I don't disagree, my hesitation is purely that doing so might subtly break
userspace.

That said, I'm 99.9% certain no traditional VMM, e.g. QEMU, is relying on this
behavior, as doing KVM_SET_XSAVE with anything except the guest's xfeatures mask
would corrupt guest XSAVE state for everything except PKRU. I.e. for all intents
and purposes, a traditional VMM must do KVM_GET_SAVE => KVM_SET_XSAVE without
touching the xfeatures mask.

And for non-traditional usage of KVM, I would be quite surprised if any of those
use cases utilize PKRU in the guest, let alone play games with KVM_{G,S}SET_XSAVE.

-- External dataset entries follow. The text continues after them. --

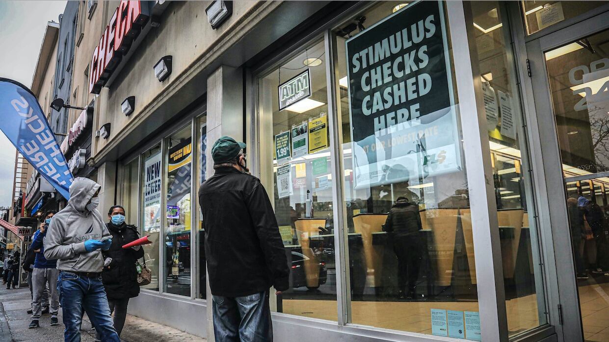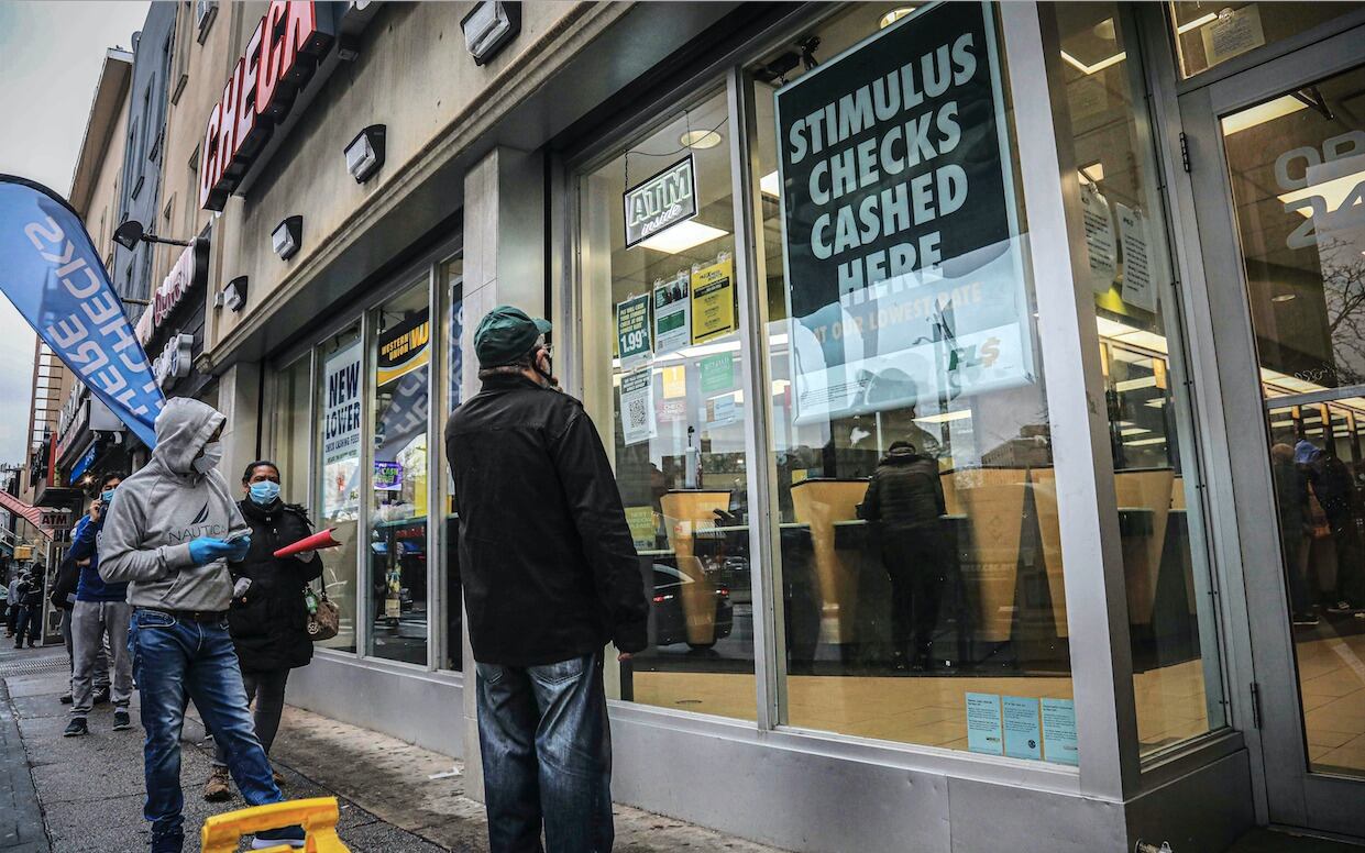 Si bien millones de trabajadores estadounidenses de antemano han recibido un pago de ayuda rápida de parte del Tesoro federal por medio de un depósito bancario directo, Smith se encuentra entre las millones de personas que carecen de una cuenta de banco tradicional y que deben esperar semanas para que les lleguen cheques de papel. Cuando los cheques finalmente llegan, esta población compuesta en su mayor parte por negros e hispanos no suele tener otra opción que usar los costosos servicios de cambio de cheques a fin de tener el dinero en sus manos.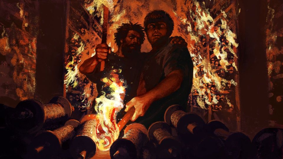(איור מתוך "אגדת חורבן": דוד פולונסקי ומיכאל פאוסט)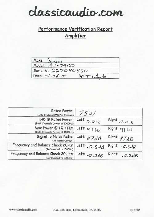 Sansui model AU-7900 integrated amplifier in excellent condition. It has been serviced and fully tested. Included is a copy of our original Performance Verification Report .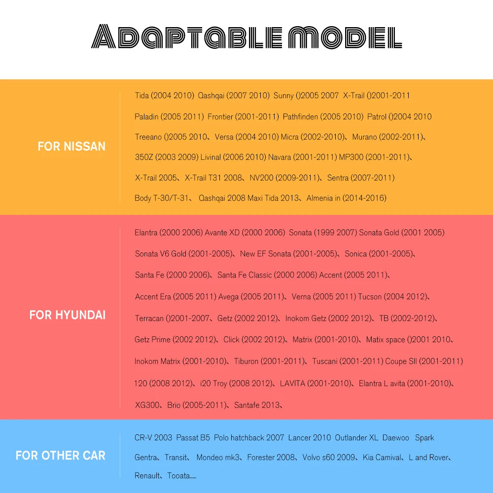 Suitable Vehicle Type: for VW Toyota Honda Hyundai Nissan Kia Unviersal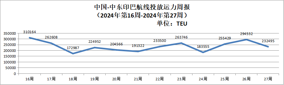 (2024年第16周-第27周)船公司主要外贸航线运力数据发布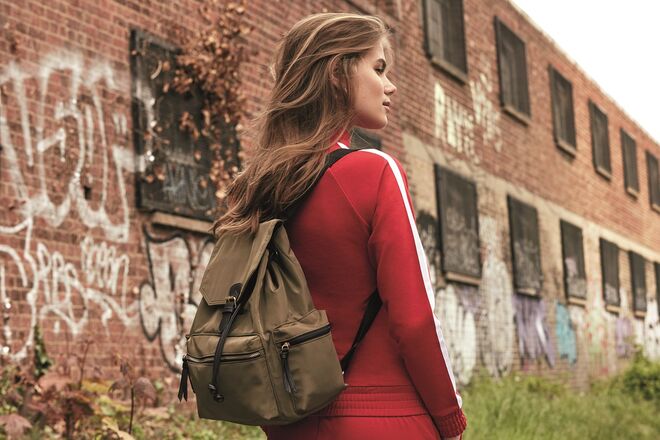 Downtown é composta pela nostalgia dos anos 90 reinventada com um toque contemporâneo, para as que definem o cool pela cidade. O varsity jacket, o vestido tubo em malha e o casaco de xadrez são as peças principais deste look. Peças mais coleantes surgem debaixo de largos boombers que reafirmam a silhueta desportiva. Os clássicos branco, vermelho e azul marinho são a paleta básica que se ilumina com toques de rosa forte. Os acessórios reafirmam a vibração cool feminina através de emblemas e pins peculiares, gargantilhas, ténis com modelos clássicos e mochilas. Fatos de treino brilhantes, blusões de penas de grande formato e sweaters com mensagens icónicas são as peças em destaque de uma imagem que respeita as origens desportivas.

So, I'm not completely opposed to "fixing" KVM's ABI, but it should be done as a
separate patch that is tagged "KVM: x86:" and clearly states that it's changing
KVM's ABI in a way that could theoretically break userspace.

> >> Would something like this be more clear?
> >>
> >> if (hdr.xfeatures & XFEATURE_MASK_PKRU) {
> >> struct pkru_state *xpkru;
> >>
> >> xpkru = __raw_xsave_addr(xsave, XFEATURE_PKRU);
> >> *pkru = xpkru->pkru;
> >> } else {
> >> /*
> >> * KVM may pass a NULL 'pkru' to indicate
> >> * that it does not need PKRU updated.
> >> */
> >> if (pkru)
> >> *pkru = 0;
> >> }
> >
> > Yeah, Sean Christopherson suggested this (with the else and if
> > collapsed into a single level) when I submitted this previously.
>
> I generally agree with Sean, but he's also been guilty of an atrocity or
> two over the years. :)

Heh, just one or two? I'll call that a win.

> While I generally like low levels of indentation I also think my version is
> much more clear in this case.

I've no objection to a standalone if. My suggestion[2] was in response to code
that zeroed @pkru before the XFEATURE_MASK_PKRU check.

if (pkru)
*pkru = 0;

if (hdr.xfeatures & XFEATURE_MASK_PKRU) {
struct pkru_state *xpkru;
xpkru = __raw_xsave_addr(xsave, XFEATURE_PKRU);
*pkru = xpkru->pkru;
}

[1] https://lore.kernel.org/all/Yv6szXuKGv75wWmm@xxxxxxxxxx
[2] https://lore.kernel.org/all/YxDP6jie4cwzZIHp@xxxxxxxxxx